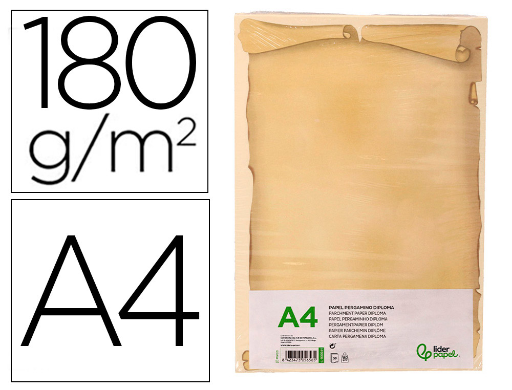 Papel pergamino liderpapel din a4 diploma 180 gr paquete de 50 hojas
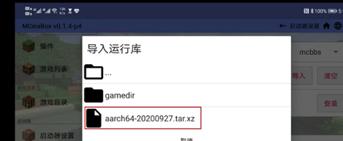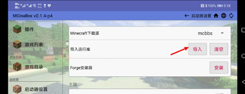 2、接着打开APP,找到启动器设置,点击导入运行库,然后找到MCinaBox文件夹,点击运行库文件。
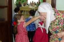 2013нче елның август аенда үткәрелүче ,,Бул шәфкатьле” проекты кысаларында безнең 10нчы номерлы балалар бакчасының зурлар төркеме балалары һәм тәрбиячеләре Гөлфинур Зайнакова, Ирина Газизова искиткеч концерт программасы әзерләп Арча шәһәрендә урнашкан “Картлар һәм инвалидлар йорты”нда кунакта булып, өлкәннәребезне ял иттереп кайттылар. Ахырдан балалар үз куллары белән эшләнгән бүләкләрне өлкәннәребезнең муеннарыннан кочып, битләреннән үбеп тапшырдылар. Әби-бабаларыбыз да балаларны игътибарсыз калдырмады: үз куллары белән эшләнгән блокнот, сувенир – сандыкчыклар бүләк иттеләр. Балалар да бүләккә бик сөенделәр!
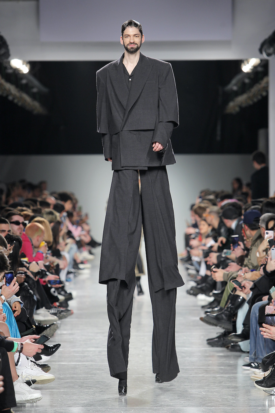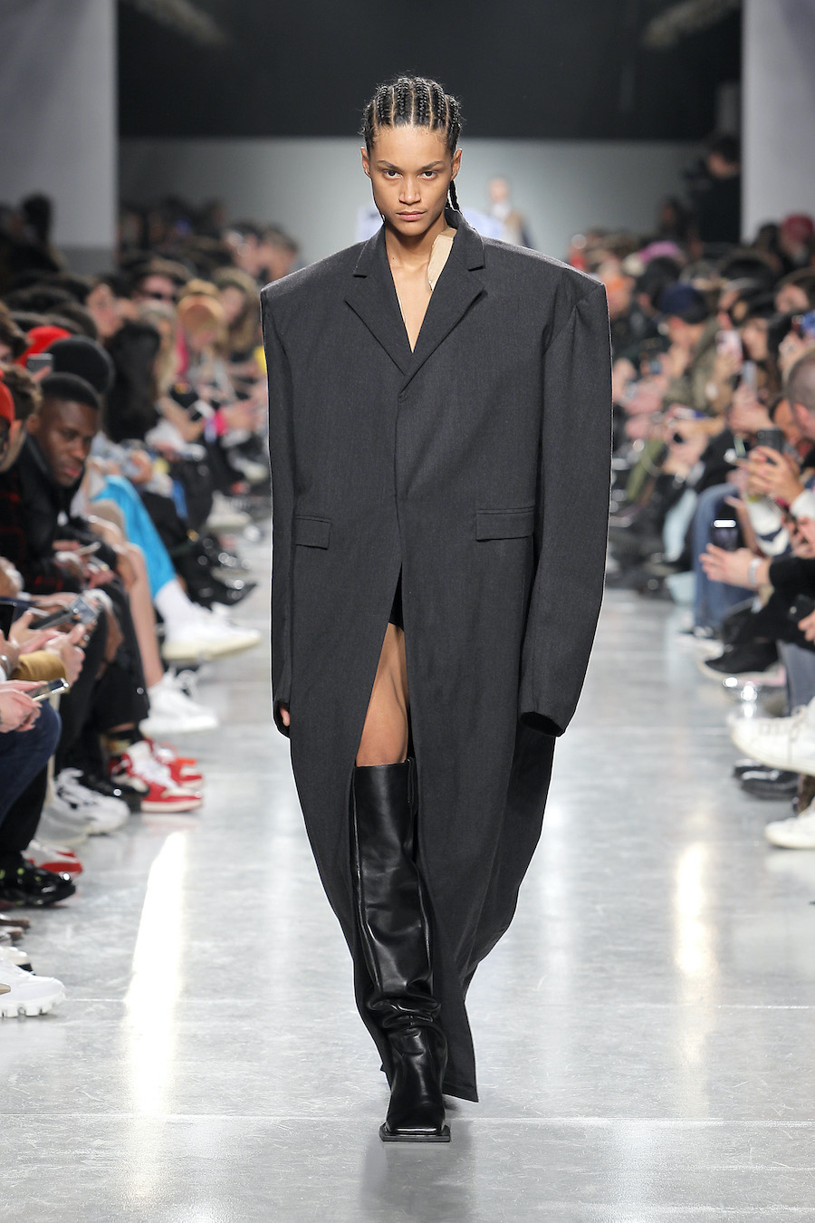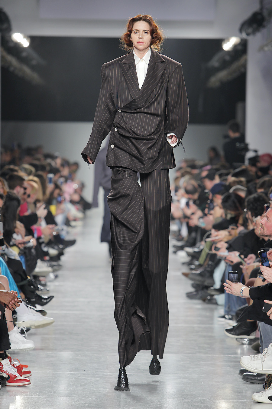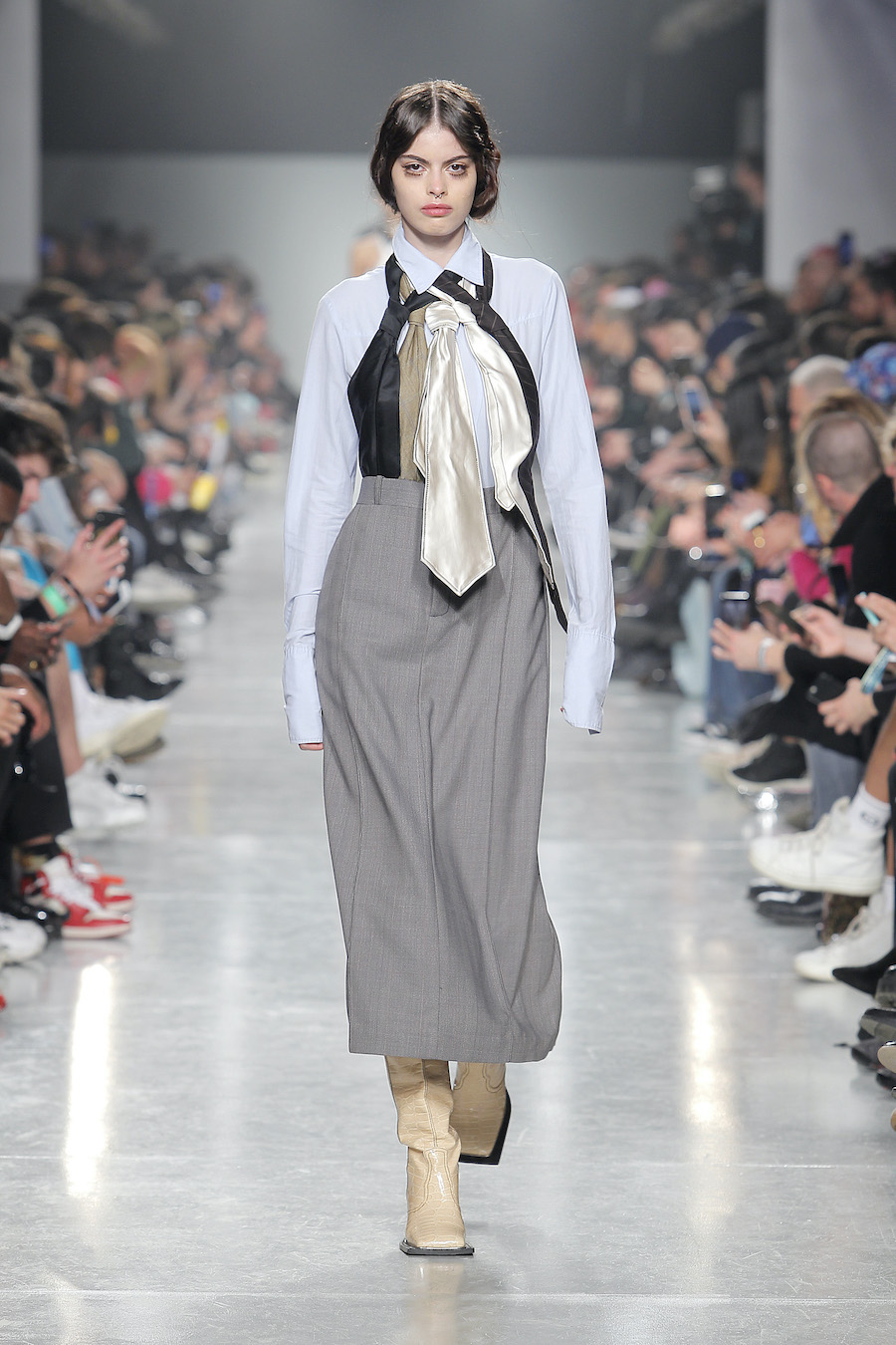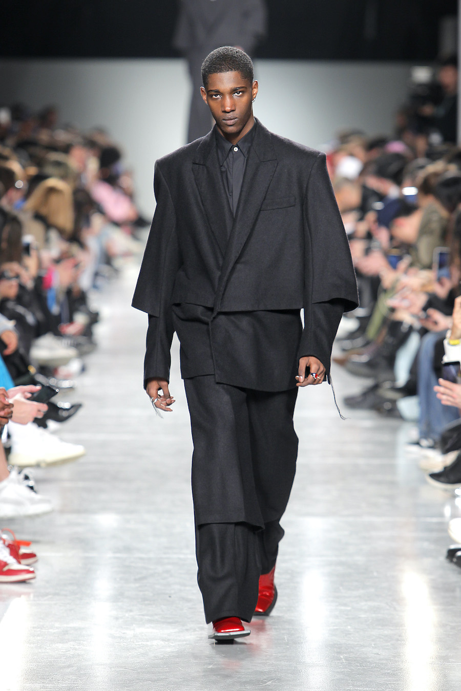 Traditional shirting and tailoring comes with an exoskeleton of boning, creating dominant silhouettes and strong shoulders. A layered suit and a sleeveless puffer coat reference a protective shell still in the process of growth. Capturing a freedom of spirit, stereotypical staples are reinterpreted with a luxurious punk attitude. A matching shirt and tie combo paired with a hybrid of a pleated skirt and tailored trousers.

DIRECTIONS =
Nothing should appear in the reply except the lines from the start of the listing above through the line with "2、接着打开APP,找到启动", repeated exactly and free of pictures.

EXERCISE ANSWER =
 Papel pergamino liderpapel din a4 diploma 180 gr paquete de 50 hojas
 2、接着打开APP,找到启动器设置,点击导入运行库,然后找到MCinaBox文件夹,点击运行库文件。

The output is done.